Palabra Dominical: Vivir para servir

XXV Domingo del Tiempo Ordinario

Del santo Evangelio según san Marcos: 9, 30-37

granodetrigoEn aquel tiempo, Jesús y sus discípulos atravesaban Galilea, pero Él no quería que nadie lo supiera, porque iba enseñando a sus discípulos. Les decía: «El Hijo del hombre va a ser entregado en manos de los hombres; le darán muerte, y tres días después de muerto, resucitará». Pero ellos no entendían aquellas palabras y tenían miedo de pedir explicaciones. Llegaron a Cafarnaúm, y una vez en casa, les preguntó: «¿De qué discutían por el camino?» Pero ellos se quedaron callados, porque en el camino habían discutido sobre quién de ellos era el más importante. Entonces Jesús se sentó, llamó a los Doce y les dijo: «Si alguno quiere ser el primero, que sea el último de todos y el servidor de todos».

Después, tomando a un niño, lo puso en medio de ellos, lo abrazó y les dijo: «El que reciba en mi nombre a uno de estos niños, a mí me recibe. Y el que me reciba a mí, no me recibe a mí, sino a aquel que me ha enviado». Palabra del Señor.

 

VIVIR PARA SERVIR

Jesús habla en el camino con sus discípulos sobre su muerte, aunque él no la deseaba. La acepta, pero como una entrega al proyecto del Padre. Como un camino hacia una vida superior. Jesús afronta con serenidad su tragedia final y con libertad llegando a decir: “nadie me quita la vida, yo la doy voluntariamente”; también les dice: “Si el grano de trigo no cae en tierra y muere, queda solo; pero si muere, da mucho fruto”.

Sin embargo, como no entendían lo que Jesús les explicaba por el camino, ellos entablaron una conversación y discusión de interés para ellos sobre una peligrosa preocupación, que es reflejo de lo que seguramente preocupaba a miembros de la comunidad; lo que ocupa a los discípulos es su futuro. Dejan a un lado lo esencial del Maestro y hablan ahora de sus cosas. Y aquí es donde se ve muy claro lo que mueve al Maestro y cuáles son las motivaciones y aspiraciones que ellos tienen. Mientras Jesús les habla de martirio y entrega, ellos hablan de “quien es el más grande” o lo que es igual, el más importante o el más poderoso.

Estar al lado de Jesús, para ellos es una oportunidad de buscar posiciones no una alternativa única para servir, como el Maestro. La actitud de Jesús contrasta fuertemente con la de los discípulos. Él se encamina hacia la humillación total, ellos en cambio, discuten sobre primacías. Por ello, quien sueñe con ser el primero debe hacerse el último, convertirse en servidor (diakonos). Y signo de esta primacía es el niño, el más pequeño de todos los seres humanos. Jesús ama a los niños, realidad y símbolo de todos los hermanos débiles, y por eso manda acogerlos como a el mismo.

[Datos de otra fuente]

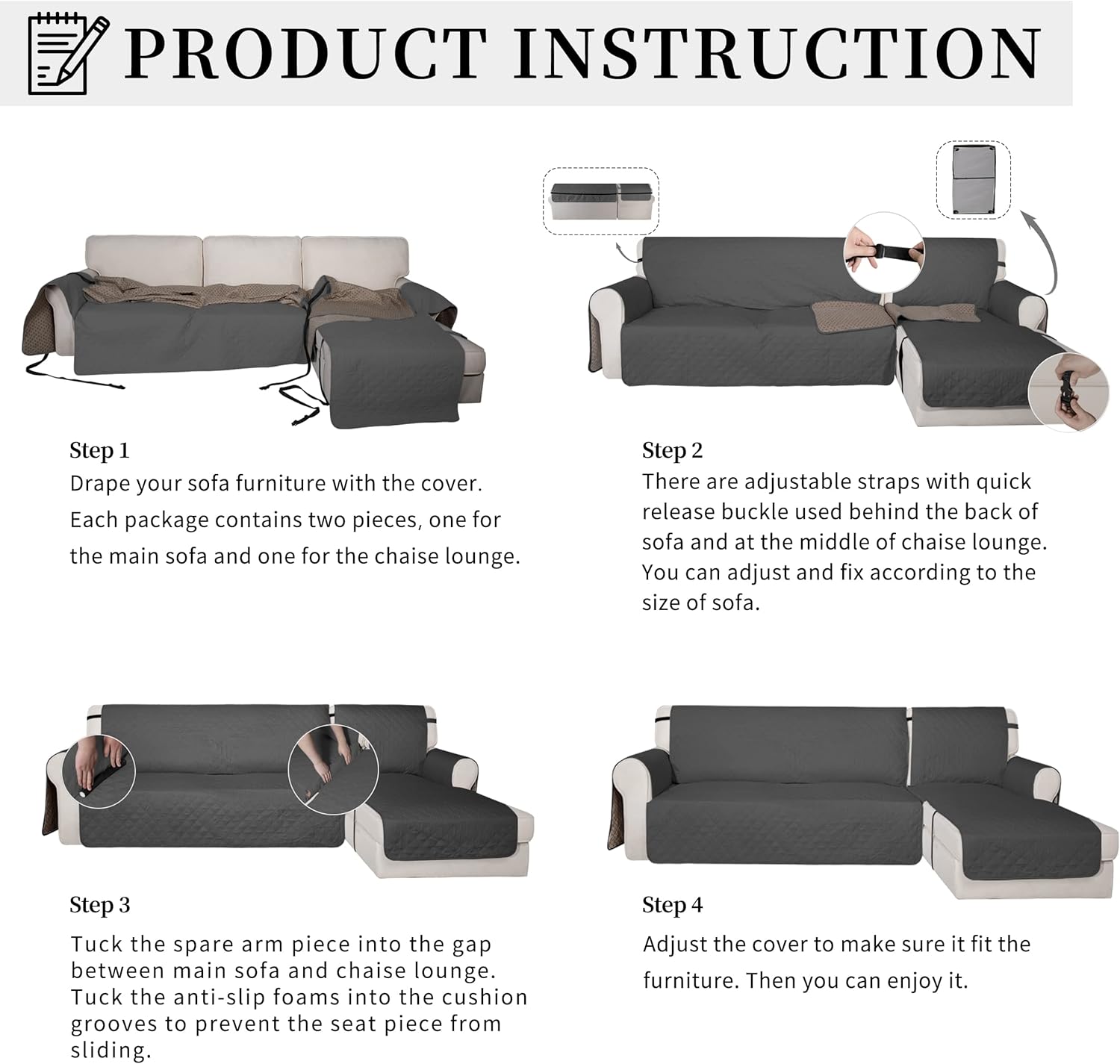 Easy-Going Global Sofa Cover Professional Manufacturer! The factory has been developing and producing high-quality household articles for ten years. The brand's goal: To make homes more comfortable.Protect the furniture and keep it looking new.100% Waterproof, reliable protection from all liquids, dirt, and abrasion.Various sizes and colors available for your choice.Various anti-skid measures can prevent the L shape sofa cover from sliding and make it more fixed.Protect your bed from pet fur, drool, barf, pee, scratches, dirt, etc.Enjoy great time with your pets on the sofa!Advisement:1.Machine washable in cold water. Wash separately at gentle cycle. Using mild laundry detergent. Tumble dry with low heat. Do not bleach.2. Due to different computer/screen displays, the color of the product may be a bit different from the picture. And because we are making our products by hand, there may be a deviation of about 2 cm.Risk free purchase:

Quizá tampoco hoy los creyentes entendemos a Cristo que nos sigue instruyendo y proponiendo  ser discípulos con cruz, es decir aceptar de corazón un camino que incluye la cruz, ya que seguimos pidiendo privilegios y sentirnos con derecho a algo. Jesús no desiste, y por ello para el discípulo que abraza la cruz “Lo primero de todo es hacerse el ultimo”, aceptarse último, aceptarse servidor de todos. Una lección que pueda hacer daño en el corazón, cuando en él se tienen anidadas aspiraciones de ser considerado.

Esto lo enseña Jesús para quienes por oficio tienen alguna responsabilidad de dirigir y mandar; Jesús enseña que no debe hacerse con despotismo sino como quien presta un servicio en el ejercicio del mando: el que es el mayor hágase el servidor de todos, a ejemplo suyo. Hasta ese momento era considerado grande el que podía sobresalir (todavía hoy) por encima de los demás y hacerse servir de ellos, o sea vivir para servirse. Desde ese momento y en los que desean ser discípulos suyos sucede al revés. El que desea ser verdaderamente grande  debe hacerse pequeño y estar al servicio del otro. El que, con espíritu cumple este servicio, por muy anónimo y escondido que este, es valorado por Dios por encima de los grandes de este mundo que no proceden según ese espíritu. El ambicioso, el que busca poder y situarse bien para mejor dominar, no tiene lugar en el seguimiento de Jesús.

Esta es la lógica de Dios. ¿Cuál es la nuestra? ¿Cómo vivo el servicio según esta lógica? Este es el camino para la fraternidad y la equidad. Este es el sendero para construir una sociedad nueva con hombres y mujeres nuevos.